Sorry We're Prosed: November writing opportunities
Game-writing, manuscript reviews and residencies as well as the usual calls for submissions
Hello again,
Thanks for opening another edition of this monthly round-up. Herein you will find a wide range of opportunities that some may call random, but I prefer to think of as ‘eclectic’.
This month I am thinking a lot about the ways we reach readers, not just of our creative work but of our thoughts and fancies. What are the best ways to find people receptive to what we have to say?
All this is of course in the shadow of Twitter potentially changing beyond recognition in the coming months. I rely heavily on the platform not just to share my own work but to find and share that of other writers. It is also crucial to the compilation of this newsletter. Even if you don’t have an account yourself, Twitter has a huge impact on other elements of the writing world and the information economy.

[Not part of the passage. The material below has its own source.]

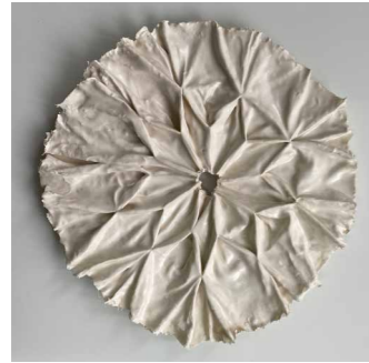
Big D: 28-33 cm Price: 950 NIS

I’m not given to the hyperbolic predictions of doom for the platform, but something certainly feels like it’s about to change. I hope to write more about this later this month. If you have thoughts on what it would mean to be a writer without Twitter, or on a changed Twitter, let me know in the comments or by replying to this email.
But for now let’s just focus on getting our stories out there by any means possible, and dive into this month’s opportunities.
Closing soon
In addition to being a prize-winning author, Naomi Alderman heads up popular game Zombies, Run! and is looking for someone new to train up in the art of games-writing. You have to have created a game before but this can be anything from a card game to a puzzle. You also have to write a Zombies, Run! mission. If you’re up for all that, you have just under a week to get the application in on 7 November.
And if you’ve already done some games-writing and want some more experience in the field, novelist and video game writer Greg Buchanan is looking for an assistant writer/researcher (paid).
You know I like an interesting theme and new-ish periodical The Primer has a cool one this month: ‘Relics’. They seek any kind of form or genre as long as it has an air of strangeness and beauty. Submit by 11 November.
Residents of the US and Canada can apply to the Kirkland Arts Centre’s Snowed-In Residency until 13 November.
There’s a great new opportunity for UK-based writers from Writers & Artists in association with whitefox. Both fiction and non-fiction writers can enter for a chance to get free help from an editor on their work-in-progress manuscript. It closes 14 November.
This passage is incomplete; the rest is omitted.